What you need to do: From the entries below, output the line with "一 层:门厅、客厅(中空)、卧室(附卫生间)、卧室、厨房、餐厅、卫生间" and each following line up to and including the line with "美妆讲座中,专业美妆师从护肤", exactly as written.

Source material:
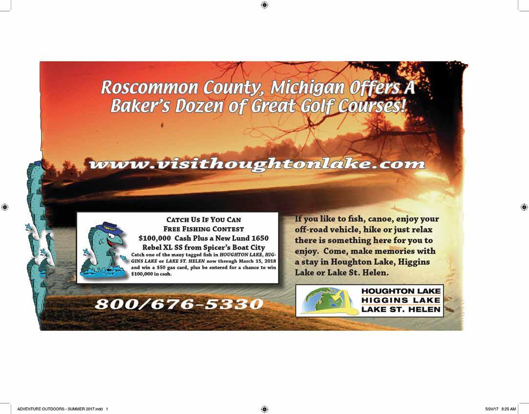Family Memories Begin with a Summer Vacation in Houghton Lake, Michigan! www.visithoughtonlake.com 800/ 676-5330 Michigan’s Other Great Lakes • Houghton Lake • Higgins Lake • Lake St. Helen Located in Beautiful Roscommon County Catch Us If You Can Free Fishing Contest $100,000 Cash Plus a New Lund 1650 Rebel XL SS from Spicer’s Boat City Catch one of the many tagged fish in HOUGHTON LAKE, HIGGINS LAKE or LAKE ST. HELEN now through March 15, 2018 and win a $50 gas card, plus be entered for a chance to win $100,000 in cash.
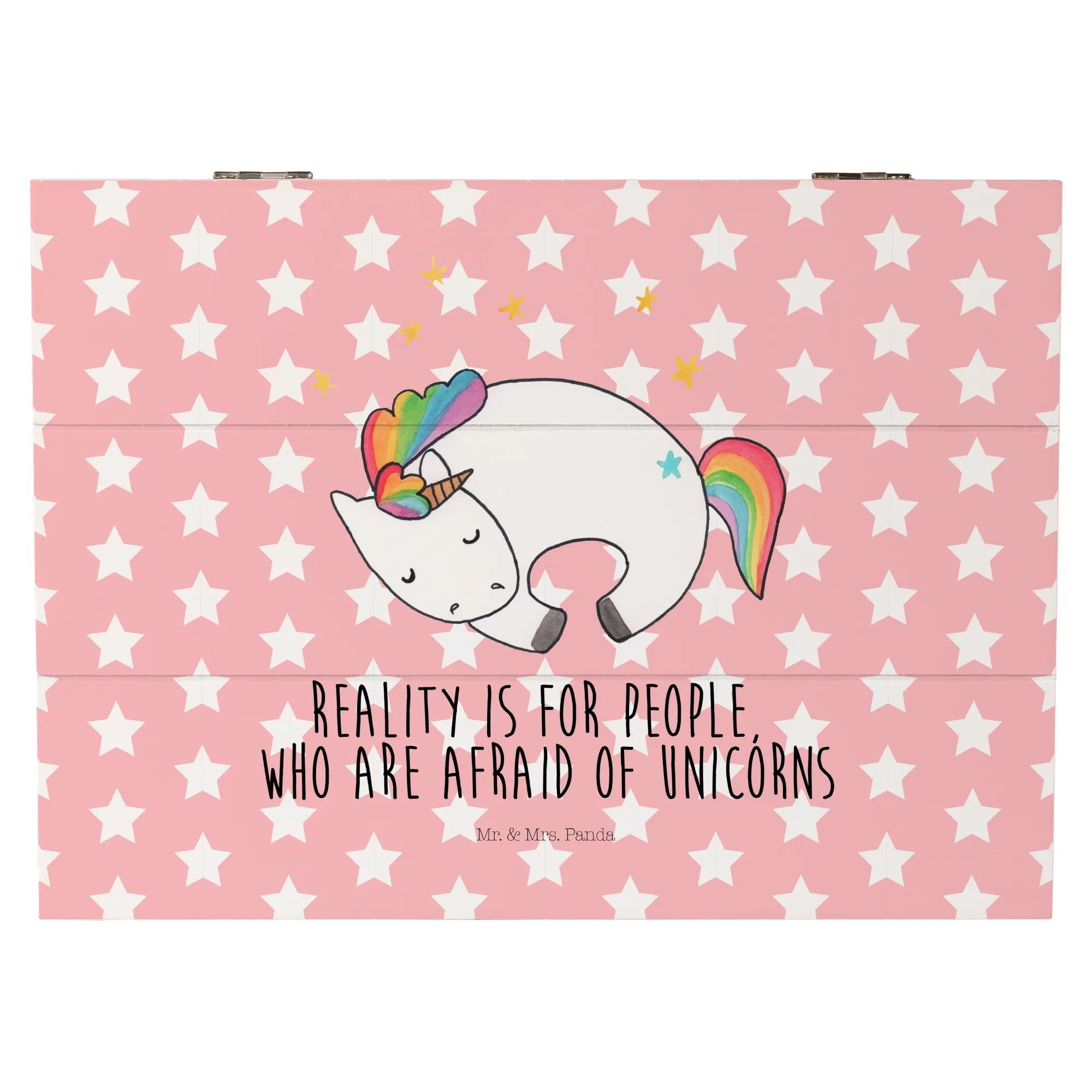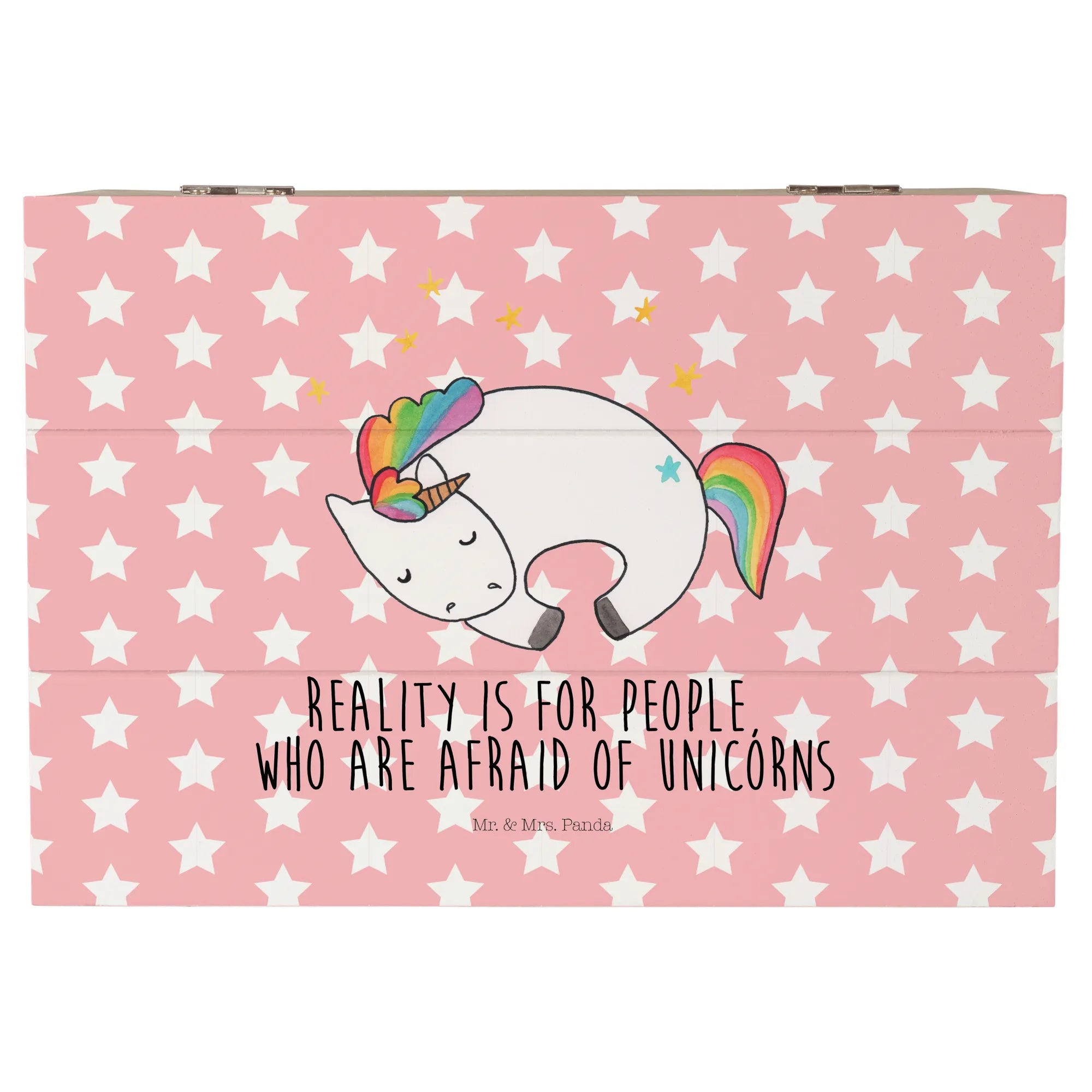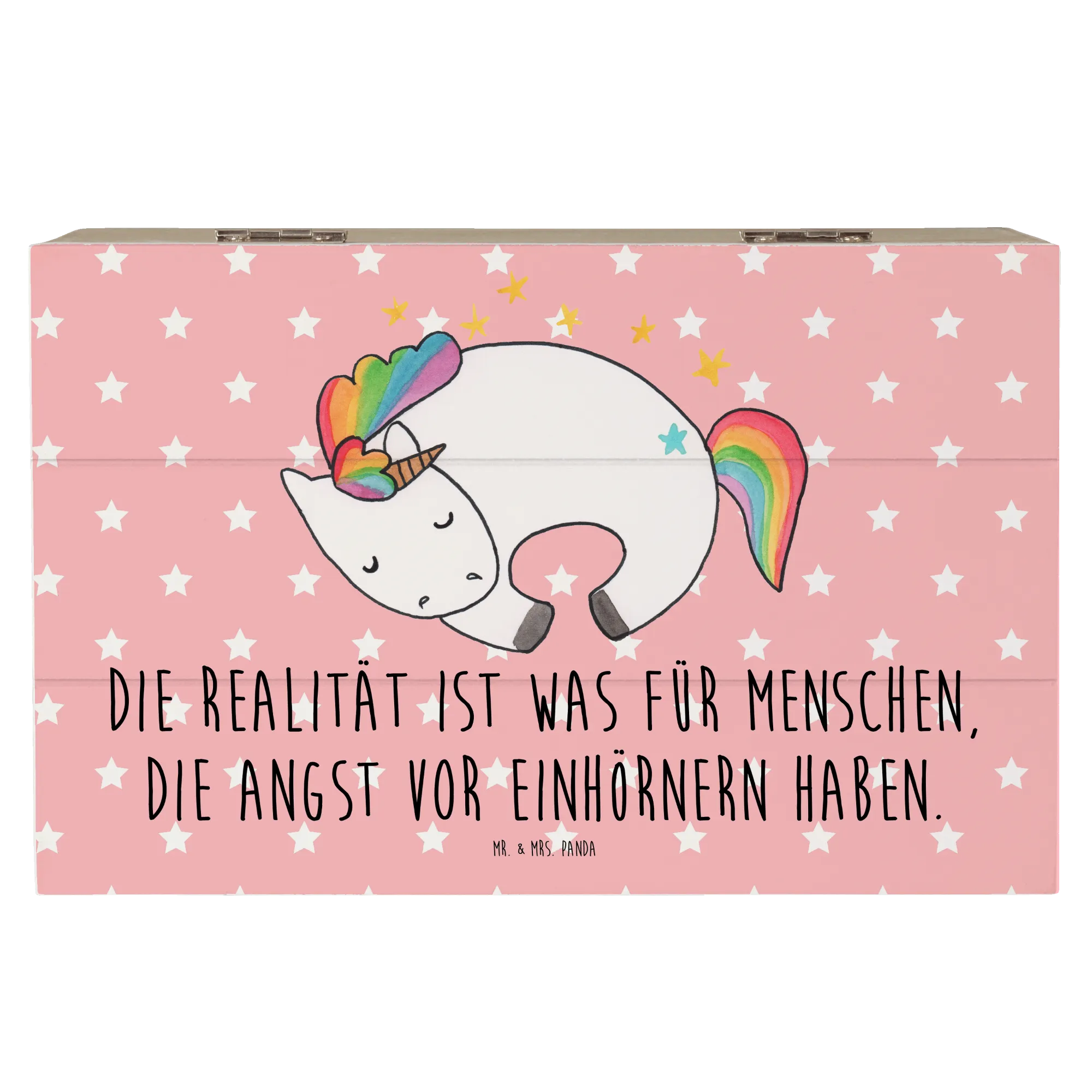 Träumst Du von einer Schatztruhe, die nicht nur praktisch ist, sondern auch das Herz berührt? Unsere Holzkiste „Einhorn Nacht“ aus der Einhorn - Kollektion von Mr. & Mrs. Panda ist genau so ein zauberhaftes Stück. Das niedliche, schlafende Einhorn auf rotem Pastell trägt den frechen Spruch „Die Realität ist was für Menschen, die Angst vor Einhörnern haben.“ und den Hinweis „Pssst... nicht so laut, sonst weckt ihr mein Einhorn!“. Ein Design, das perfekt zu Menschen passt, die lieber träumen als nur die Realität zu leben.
* * *
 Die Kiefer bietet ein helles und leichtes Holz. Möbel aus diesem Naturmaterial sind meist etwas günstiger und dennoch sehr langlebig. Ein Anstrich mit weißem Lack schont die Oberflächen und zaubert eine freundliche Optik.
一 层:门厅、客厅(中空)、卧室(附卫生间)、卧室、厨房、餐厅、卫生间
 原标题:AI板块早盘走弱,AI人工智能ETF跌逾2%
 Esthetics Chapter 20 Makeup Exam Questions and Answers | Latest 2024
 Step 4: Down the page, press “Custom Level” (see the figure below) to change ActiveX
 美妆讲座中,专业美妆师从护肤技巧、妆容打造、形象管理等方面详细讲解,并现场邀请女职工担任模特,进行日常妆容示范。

Exercise output:
一 层:门厅、客厅(中空)、卧室(附卫生间)、卧室、厨房、餐厅、卫生间
 原标题:AI板块早盘走弱,AI人工智能ETF跌逾2%
 Esthetics Chapter 20 Makeup Exam Questions and Answers | Latest 2024
 Step 4: Down the page, press “Custom Level” (see the figure below) to change ActiveX
 美妆讲座中,专业美妆师从护肤技巧、妆容打造、形象管理等方面详细讲解,并现场邀请女职工担任模特,进行日常妆容示范。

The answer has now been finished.